### Assignment
Skip pictures in the listing below; copy exactly the lines from the one with "Sprinkle the 1" through the one with "Der Abstrahlwinkel bezeichnet", inclusive.

### Source material
------------------------

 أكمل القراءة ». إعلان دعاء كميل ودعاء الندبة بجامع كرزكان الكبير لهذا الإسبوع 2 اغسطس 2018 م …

------------------------

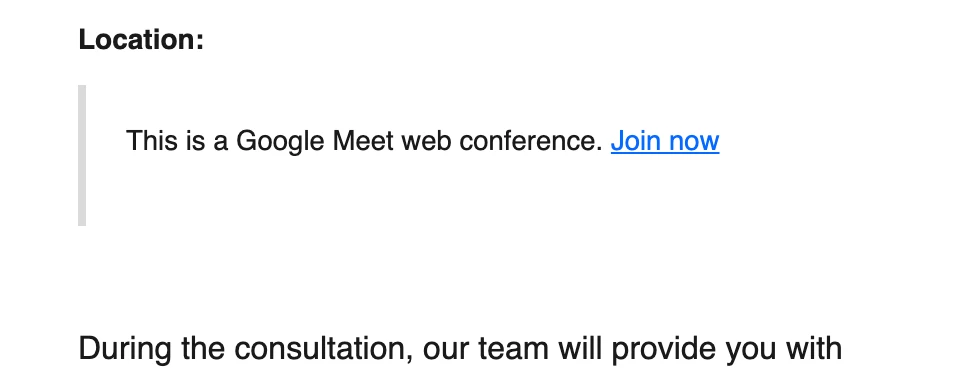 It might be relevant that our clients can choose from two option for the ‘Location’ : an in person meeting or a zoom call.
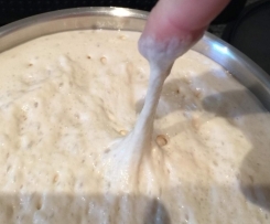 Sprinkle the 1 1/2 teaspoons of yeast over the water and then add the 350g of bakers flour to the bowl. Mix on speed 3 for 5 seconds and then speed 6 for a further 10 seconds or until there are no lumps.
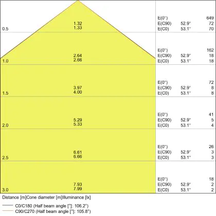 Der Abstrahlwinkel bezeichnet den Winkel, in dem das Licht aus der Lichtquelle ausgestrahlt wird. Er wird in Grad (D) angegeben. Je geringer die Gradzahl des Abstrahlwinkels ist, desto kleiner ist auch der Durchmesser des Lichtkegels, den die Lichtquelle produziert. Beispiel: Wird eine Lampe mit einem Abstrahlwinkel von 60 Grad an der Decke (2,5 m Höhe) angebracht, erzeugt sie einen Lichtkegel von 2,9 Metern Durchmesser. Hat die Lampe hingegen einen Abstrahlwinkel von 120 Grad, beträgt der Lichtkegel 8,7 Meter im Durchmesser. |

------------------------

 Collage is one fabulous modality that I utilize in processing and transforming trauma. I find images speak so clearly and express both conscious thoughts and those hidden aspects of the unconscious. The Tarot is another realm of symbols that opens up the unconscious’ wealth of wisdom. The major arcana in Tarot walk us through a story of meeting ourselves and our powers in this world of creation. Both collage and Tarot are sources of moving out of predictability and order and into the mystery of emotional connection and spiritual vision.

------------------------

### Final answer
 Sprinkle the 1 1/2 teaspoons of yeast over the water and then add the 350g of bakers flour to the bowl. Mix on speed 3 for 5 seconds and then speed 6 for a further 10 seconds or until there are no lumps.
 Der Abstrahlwinkel bezeichnet den Winkel, in dem das Licht aus der Lichtquelle ausgestrahlt wird. Er wird in Grad (D) angegeben. Je geringer die Gradzahl des Abstrahlwinkels ist, desto kleiner ist auch der Durchmesser des Lichtkegels, den die Lichtquelle produziert. Beispiel: Wird eine Lampe mit einem Abstrahlwinkel von 60 Grad an der Decke (2,5 m Höhe) angebracht, erzeugt sie einen Lichtkegel von 2,9 Metern Durchmesser. Hat die Lampe hingegen einen Abstrahlwinkel von 120 Grad, beträgt der Lichtkegel 8,7 Meter im Durchmesser. |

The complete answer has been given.